In this case, a single sulfur compound (thiophene) is spiked into the sample before analysis using gas chromatography (GC)–ICP-MS. From the thiophene response, both the concentrations of the individual sulfur-containing components, whose identity is determined by their relative retention times, and the total sulfur concentration of the sample are calculated easily.

The same technique has been applied successfully to pesticide quantification (3), allowing the accurate measurement of a large number of pesticides using a relatively few standard compounds containing the characteristic elements such as S, P, Cl, Br, and I. In this way, a multilevel calibration can be generated from a single multicomponent standard (as shown in Figure 1) for sulfur-containing pesticides.

In addition to compound independent quantification, ICP-MS possesses nearly absolute specificity, making it simple to locate specific element-containing compounds even in a very complex matrix.
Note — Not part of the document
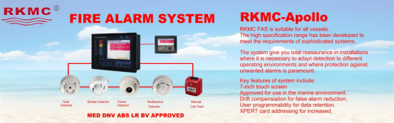 RKMC船舶火灾报警系统:和国际知名火警探头HONEYWELL 和 APOLLO 合作,集成了先进的探测技术与智能报警逻辑,覆盖机舱、货舱、控制站等所有关键区域。系统通过MED DNV、ABS、BV、LR、CCS, RINA KR等全球主流船级社认证,能够快速、准确地识别火情,并联动消防系统,最大限度降低火灾损失。集合HONEYWELL APOLLO 的全球业绩有上千条,RKMC国内主要业绩有扬州金陵船厂法国SOGESTRAN 4300DWT欧盟旗化学品船,欧洲知名船东BOSKALIS WESTMINSTER SHIPPING B.V 海工等等。

Figure 2 illustrates the detection of bromine as polybrominated diphenyl ether (PBDE) flame retardants in a matrix containing a 10,000 times excess of polychlorinated biphenyls (PCBs), which contain chlorine but no bromine. The PBDEs are easily quantified in this matrix.

Quantitative Applications of ICP-MS in Life Sciences

Here is an example of a largely unknown and certainly underutilized tool (ICP-MS) just waiting to solve complex quantitative problems in life sciences research. Quantification of many biomolecules is notoriously difficult using conventional MS techniques, particularly biopolymers, where exact standards are commonly unavailable. However, nearly 30% of all proteins contain a metal as part of the active configuration, making them easily visible to and quantifiable by ICP-MS.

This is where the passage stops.